В Центральном Комитете решение Неруды было одобрено. Поэт готовился к выезду. Предусмотрительные друзья укрыли Делию в другом доме.

— Ты едешь на мою родину, Пабло, — смеясь, говорила Делия. — Не забудь привезти оттуда букет полевых цветов.

Она была родом из Аргентины.

— Цветы будут, в крайнем случае пограничные, — ответил Пабло.

Он и не предполагал, что случай поможет ему выполнить просьбу Делии.

У подъезда его ждали друзья и приглашенные журналисты. Они сели в машины. Мимо проносились «королевские» пальмы с их гордыми кронами, маленькие, отгороженные друг от друга деревцами или виноградными лозами крестьянские посевы. С гор летел свистящий ветер.

У подножья гор путешественники пересели на лошадей, которые их здесь ожидали. Навстречу по большим круглым камням бежали шумные струи воды, которые ниже, в долине, соединялись в реку. Горы поднимались вверх террасами. Казалось, кто-то высек в этих древних каменных громадах ступени. Шум воды, грохот падавших камней, увлекаемых потоками, ржанье лошадей, возгласы погонщиков сливались воедино.

У пограничного пункта спутников остановили чилийские карабинеры. Их начальник, вглядевшись пристально в приезжих, остановил свой взгляд на смуглом спокойном лице поэта и отдал ему салют.

— Сожалею, сеньор Неруда, — сказал он, — но вам придется вернуться обратно.

— Ремонт дороги? — с усмешкой спросил поэт, жестом руки показывая журналистам на карабинеров. — Беспокоитесь за нашу безопасность?

Начальник был в затруднении.
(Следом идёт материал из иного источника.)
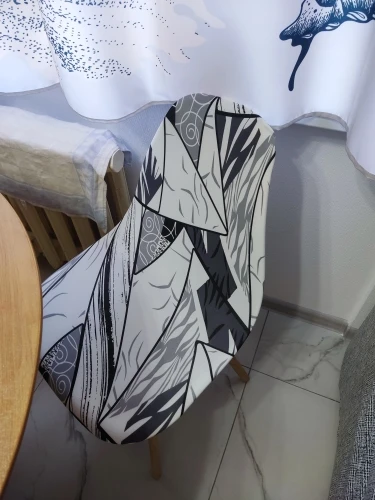 Товар пришёл очень быстро, раньше срока. Материал причиняй на ощупь, цвета соответствуют. Натягивается на стул хорошо, единственное на сгибе между мелкокрупитчатый и спинкой пузырь получается. Думаю, примнётся со временем

Приказ, врученный ему два дня назад, составлен в туманных выражениях: не препятствовать открыто, но и не пропускать! Начальник был простой человек, он всех этих хитростей не понимал.

— Мое дело повиноваться начальству, сеньор Неруда! — упрямо повторил он.

— А что же вам приказало начальство?

Журналисты вынули блокноты. Карабинер вдруг понял, что проговорился, и резко сказал:

— Я не обязан отвечать на ваши вопросы, сеньор. Говорят, вы человек опасный.

— Может быть, и опасный, — очень мягко сказал Неруда. — Но я опасный для тех, кто торгует своей родиной. Только для них. Подумайте об этом на досуге, сержант.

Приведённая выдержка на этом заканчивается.